Eddie Hertsenberg

Personal information
- Full name: Charles Hertsenberg
- Date of birth: March 18, 1986 (age 40)
- Place of birth: United States
- Height: 6 ft 0 in (1.83 m)
- Position: Midfielder

Youth career
- 2002–2005: Elder HS
- Cincinnati Express
- Ohio Elite Soccer Academy
- TCYO United
- 2005: Cincinnati State College
- 2006–2007: Ohio Dominican University
- 2007: Columbus Crew

Senior career*
- Years: Team / Apps / (Gls)
- 2008–2010: Cincinnati Kings
- 2011: Dayton Dutch Lions / 21 / (1)
- 2012: FC Deisenhofen / 1 / (0)
- 2013–2015: Dayton Dutch Lions / 15 / (0)
- 2012–2014: Cincinnati Saints (indoor) / 32 / (34)

Managerial career
- 2010–2011: Dutch Lions Women's
- 2012–2013: Dayton Dutch Lions
- 2019-2020: Hamilton High School Girls
- 2021-2022: Columbus Eagles FC Women's Indoor

= Eddie Hertsenberg =

American soccer player (born 1986)

Charles "Eddie" Hertsenberg (born March 18, 1986) is an American soccer player who last played for the Dayton Dutch Lions. He is now a coach and manager in central Ohio.

== Career ==

=== Player ===

==== Youth ====
Growing up, Hertsenberg played for the Ohio Elite Soccer Academy, TCYO United, 1790 Cincinnati Express indoor academy. In 2005, Hertsenberg played for Cincinnati State College, scoring 10 goals and netting five assists in eight matches. He transferred to Ohio Dominican University and played for the Panthers for the remainder of his collegiate career.

==== Senior ====
Hertsenberg started his senior career 2008 with Cincinnati Kings having previously played for their academy.

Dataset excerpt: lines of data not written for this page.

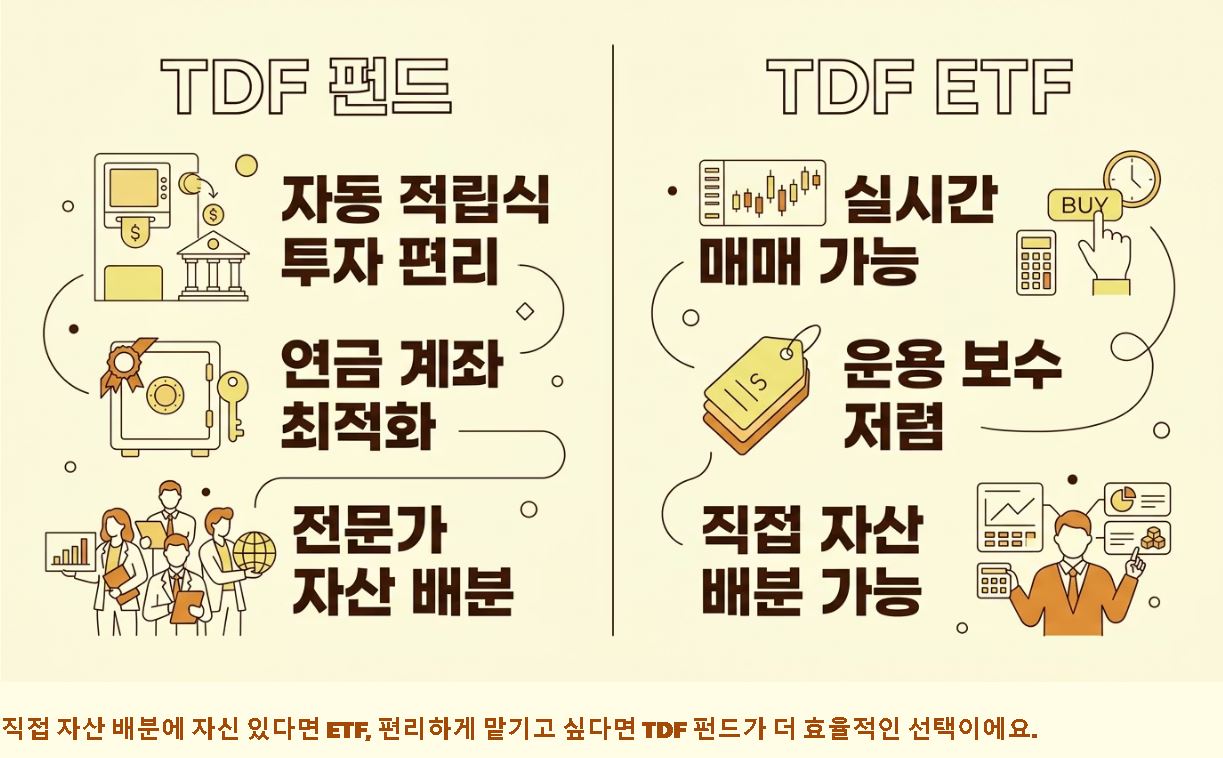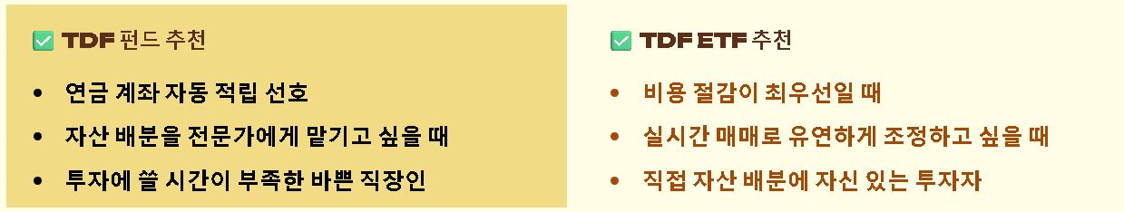- 운용 방식의 차이: 일반 TDF 펀드는 연금 계좌에서 자동 적립식 투자가 편하다는 장점이 있고, etf란 형태의 TDF는 실시간 매매가 가능하고 운용 보수가 상대적으로 저렴하다는 특징이 있어요.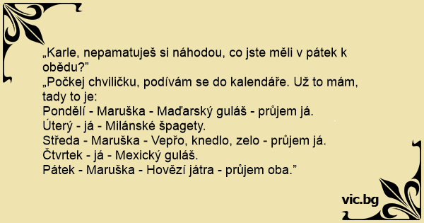 „Karle, nepamatuješ si náhodou, co jste měli v pátek k obědu?”
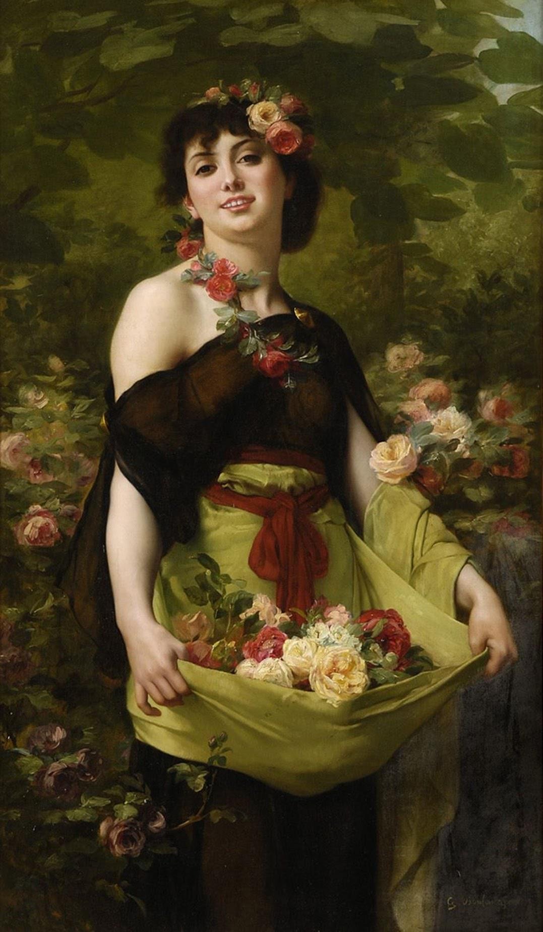 The painting depicts a young flower girl standing in the street. She is wearing a simple white dress and a red scarf, and she is holding a basket of flowers in her hands. The girl is looking directly at the viewer, and her expression is one of innocence and determination.

In December 2010, Hertsenberg joined the Dayton Dutch Lions for their inaugural season in the USL Professional Division. Hertsenberg scored the Dutch Lions' first goal in a 3–3 draw with the Cincinnati Kings.

In July 2012, Hertsenberg left the Dutch Lions to join the German Landesliga Südost side FC Deisenhofen before returning to the Dutch Lions on November 1, 2012. In 2013, he joined the Cincinnati Saints of the Professional Arena Soccer League, tallying 57 contributions in 32 games.

=== Coach ===
He was named in December 2010 as head coach of the Dayton Dutch Lions Women's Academy. After his return on November 1, 2012, Eddie was appointed Head Coach of the Dayton Dutch Lions Academy.

After leaving the Dutch Lions, Hertsenberg led Arizona high school Hamilton girls soccer team to the 2020 state championship, where he lost to Chaparral. He now manages the Columbus Eagles FC Women's Indoor team and serves as assistant coach for the Columbus Crew Academy U15 and U17 teams.